Wednesday, 04 April 2012
May Titthara
The Phnom Penh Post

About 300 people from six villages in Pursat province’s Kbal Trach commune protested yesterday outside Pheapimex Group‘s Krakor district office, the latest confrontation in a land dispute that stretches back 13 years.
Villager representative Duok Sary said they had come to demand that the company explain why it had taken their land and destroyed their property.
“The company did not explain to us, but the commune chief said the company had signed a lease with him that showed the use of our land was only temporary.
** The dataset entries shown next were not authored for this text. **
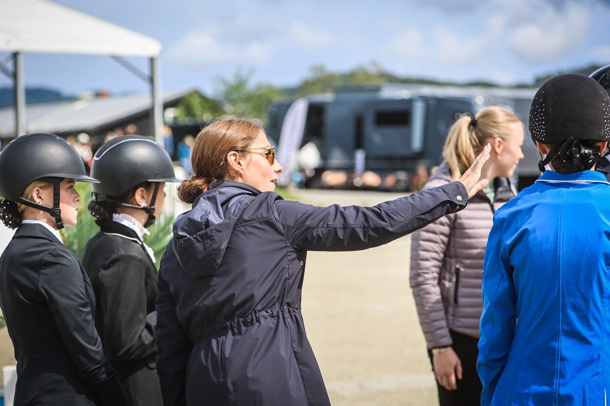 Konkurransen begynte på beste mulige måte - to av topprytterne som var med på å sikre Norges andreplass i Longines FEI Nations Cup Gjelsten Arena lørdag - en andreplass som også innebar regionsseier - stilte opp og gikk banen sammen med de unge rideskolerytterne. Johan-Sebastian Gulliksen og Oda Charlotte Lyngvær delte på sin kunnskap og erfaring og forklarte dem om den gode planen for banen de møtte på.
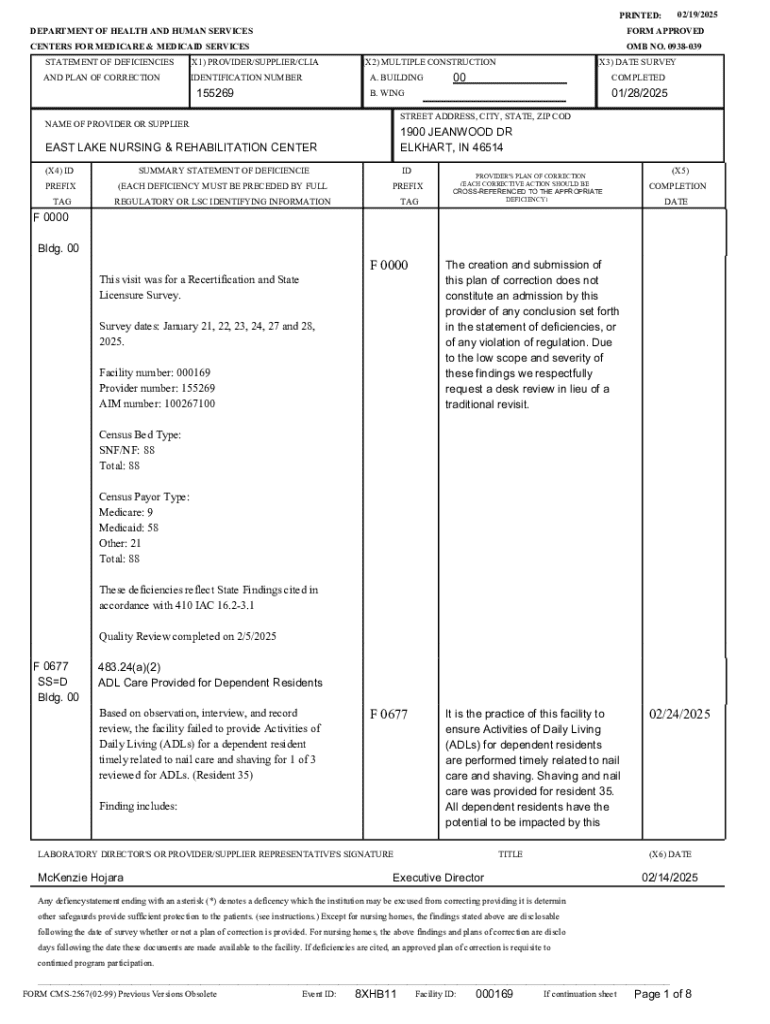 Its importance in healthcare compliance cannot be overstated. The CMS-2567 Form not only provides a clear outline of deficiencies but also serves as a roadmap for facilities to address these issues effectively. The form's structure encourages healthcare providers to put actionable plans in place, ultimately aiming to enhance patient safety and care quality.
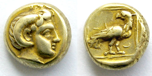 Lesbos Mytilene, Electrum Hekte, geprägt um ca. 330 v.u.Z Av. Apollon Karneios mit Widderhorn rechts Rv. Adler steht rechts den Kopf zurückgewandt in Quadratum Incusum 11,3mm 2,53g Bodenstedt 303 Boston 1739 SNG von Aulock 1727 Ex: Gerhard Rohde Köln
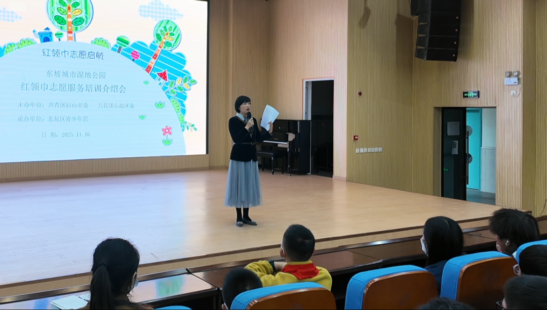 由共青团眉山市委、共青团东坡区委主办,东坡区青少年宫承办,依托东坡城市湿地公园打造的“红领巾志愿服务体验岗”,于11月16日在苏洵小学开展了2025年东坡城市湿地公园新晋红领巾志愿者(第二批)培训,300余名志愿者及家长参与了本次活动。
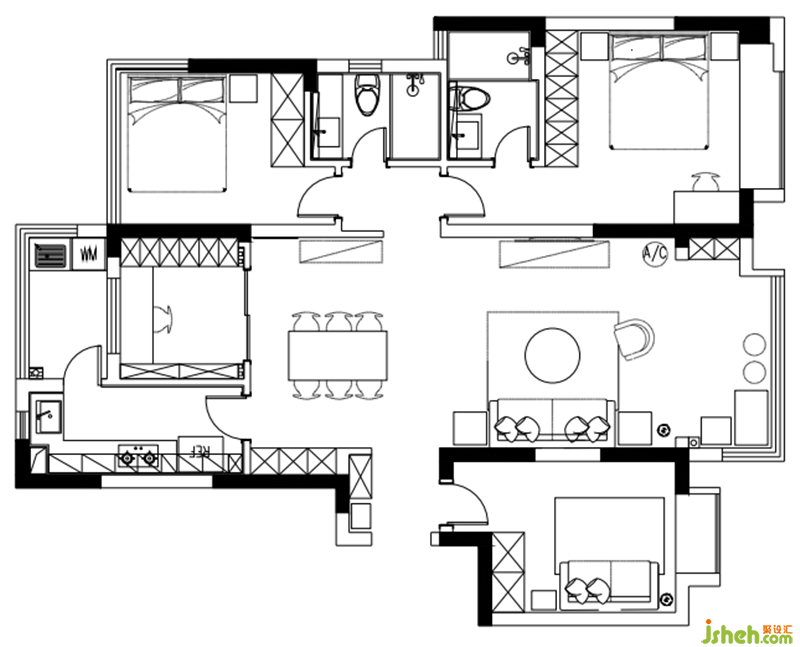 【案例戶型】:4室2廳2衛(wèi)
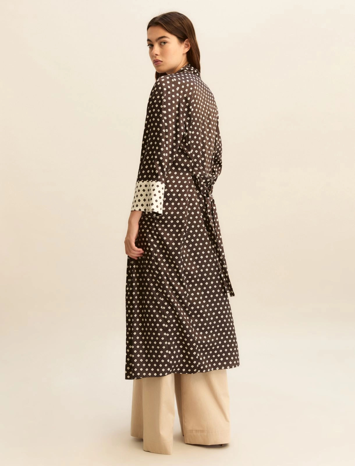 Kimono longo de corte regular, mangas 3/4 e cinto em tecido.
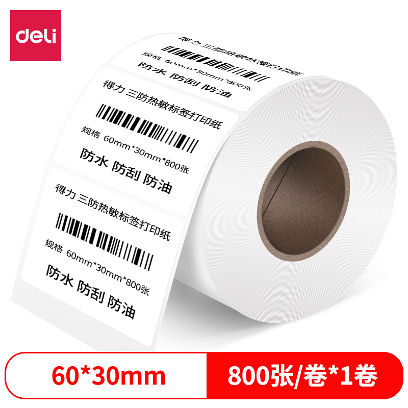得力(deli)60*30mm三防热敏标签打印纸电子面单不干胶打印纸 800张*1卷12017
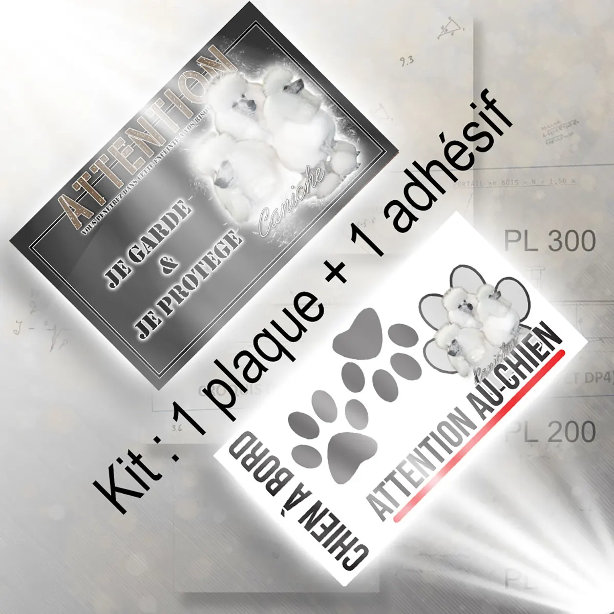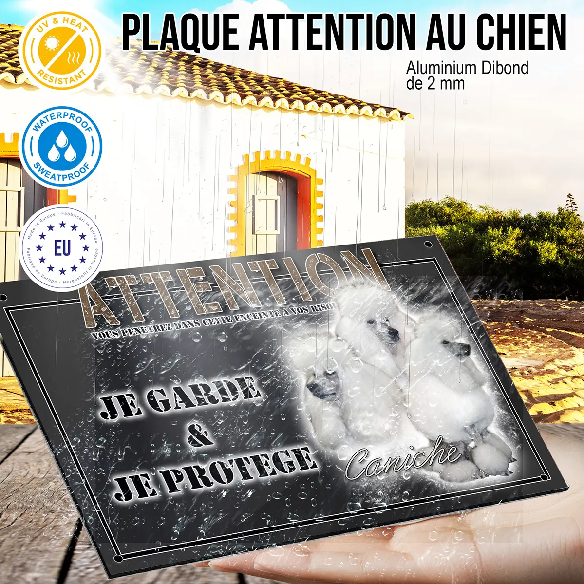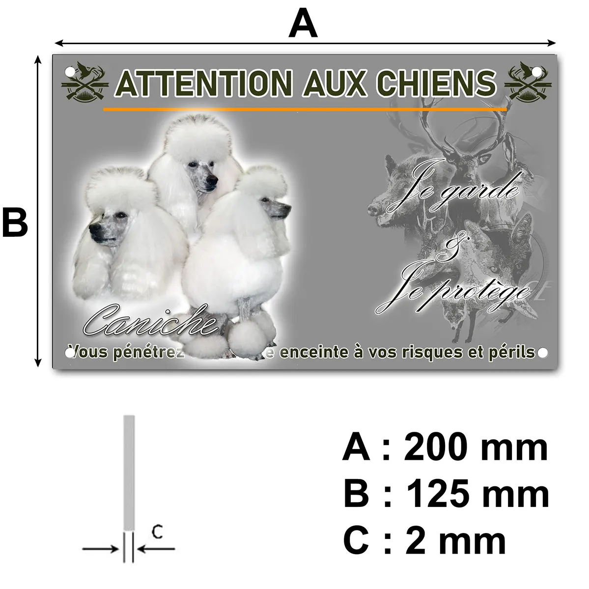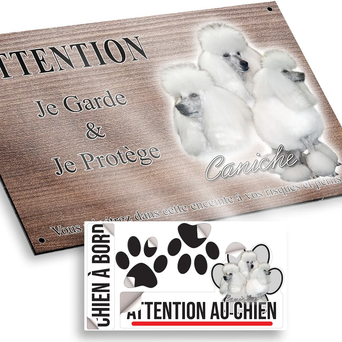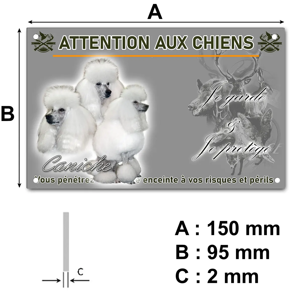Pour en savoir plus sur notre gamme de plaque attention au chien grand caniche blanc
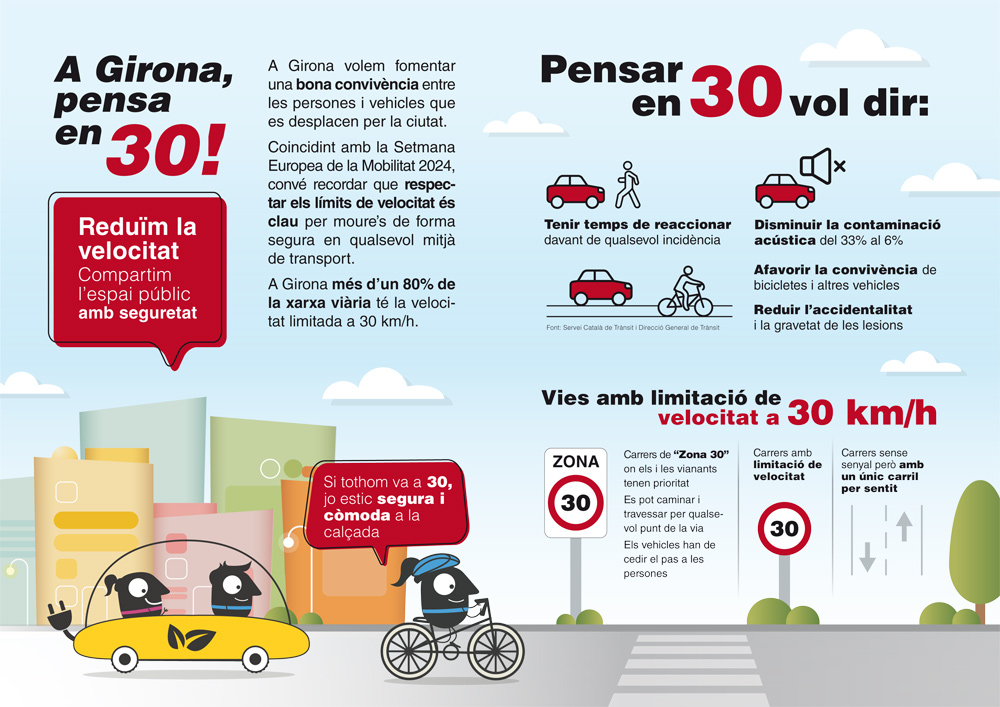 A Girona la velocitat genèrica de circulació és de 30 km/h a excepció de les vies on un senyal indiqui una altra velocitat.
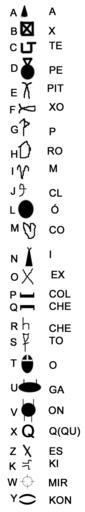| Keywords: Totes.png pt Tots ou Totês é uma língua escritas em hieróglifos inventada por Leônidas Não cita sobrenome no início do mês de feveriro de 1999 Nessa língua o nome pode ser traduzido para a pronúncia Exemplo OPITEX Léo ou não Ela tem como base o Português Arquivos Pessoais de Leônidas Leônidas 1999-02 Reprodução Permitida desde que seja informado o autor Tabelas Uncategorized 2015 April 14 |

But the company tore up the document and he [the commune chief] had no evidence against the company,” Duok Sary said.
The government granted a 315,028-hectare economic land concession in Kampong Chhnang and Pursat provinces in 2000 to the Pheapimex Group, owned by Choeng Sopheap, the wife of CPP senator Lao Meng Khina.
A government sub-decree last year cut 6,714 hectares from the concession for villagers’ use.
Protester Lon Sivy said they wanted the company to stop clearing and return their land, and for the authorities to measure the boundaries between the villagers’ allotment and the company’s.
Kbal Trach commune chief Duong Sarin said he had promised villagers that he would bring their case to the provincial governor and the government to find a resolution.
Ty Kimtok, who is not only the deputy provincial governor but also a Pheapimex company representative, declined to comment.
Ouch Leng, land reform project co-ordinator for the Cambodian Centre for Human Rights, said 19 villagers had been charged with incitement and destruction of the company’s property.
However, no one had been held accountable for the destruction of villagers’ property and a grenade attack that injured 11 protesters outside a Pheapimex office in 2004, he said.
The Chinese supervisor of a Pheapimex cassava plantation in Pursat was shot to death in broad daylight in January.
District police chief Bin Vanna said yesterday the death was still under investigation.